Dua pertanyaan besar ini adalah bagian usaha untuk memahami dunia lebih baik, agar umat tidak terjerumus kepada soal-soal yang berpotensi sebagai pengalihan isu atau terbawa pada arus konstruksi populisme yang akan menjadikan umat ini malah dijadikan komoditas politik yang bisa dimanfaatkan oleh mereka yang punya modal.

Jawaban dua pertanyaan ini akan membuat kita sebagai umat akan lebih hati-hati dalam menegaskan mendaulat seseorang pada posisi penting khususnya dalam bidang agama, sebab akan malah menjadikan agama kita mudah untuk diperalat jika jatuh pada pilihan yang salah.

Saya akan menutup tulisan ini dengan menterjemahkan secara bebas bait pertama dalam kitab Alfiyah Kalamuna Lafzun Mufidun Kastaqim dengan arti “perkataan (baca kehidupan) kita adalah yang seharusnya bermanfaat pada orang lain dan beristiqamahlah dengan itu”.

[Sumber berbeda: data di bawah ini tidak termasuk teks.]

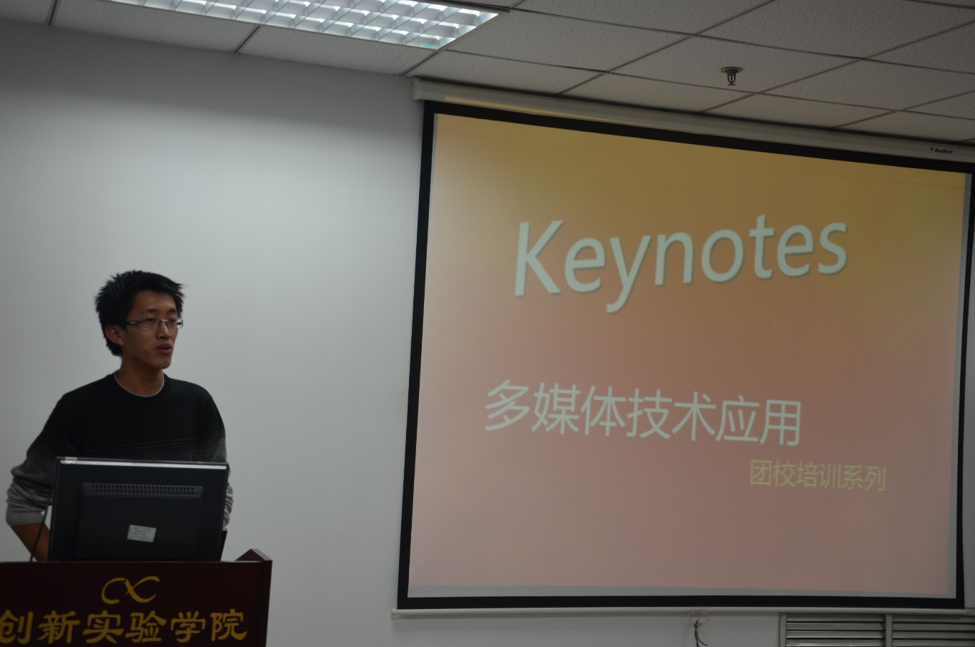 观众在晚上六点有序入场,培训准时开始。首先由徐晓宁同学进行第三讲《多媒体技术应用》的讲解。在这一讲中,徐晓宁同学介绍了各种常用的演示软件及演示方法和一些在进行演示中需要注意的问题,剖析了常见的误区,教授了许多便捷的用法,并与大家分享了他在近年的汇报中所积累的经验。整个过程由浅入深,同学们响应积极。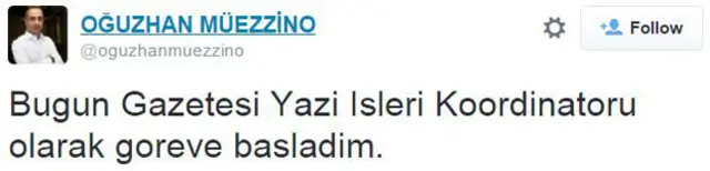 Gazetenin bugünkü künyesinde ise Yazı İşleri Koordinatörü olarak Oğuzhan Müezzino'nun ismi yer aldı. Müezzino göreve başladığını <link type="page"><caption> Twitter</caption><url href="https://twitter.com/oguzhanmuezzino" platform="highweb"/></link> hesabından da duyurdu.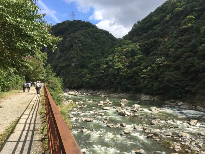渓谷沿いはさわやか、休憩ポイントが難しい

Gelar Imam Besar Umat Islam dan komando HRS atas dua aksi tersebut sampai saat ini masih terasa lebih pada pencitraan dan cenderung pada apa yang disebut oleh Ernesto Laclau sebagai pemimpin kharismatik dalam gerakan populisme, ini disebabkan gerakan yang beliau komandoi dan gelar Imam Besar tersebut belum bergerak pada ketertindasan manusia atas manusia yang lain.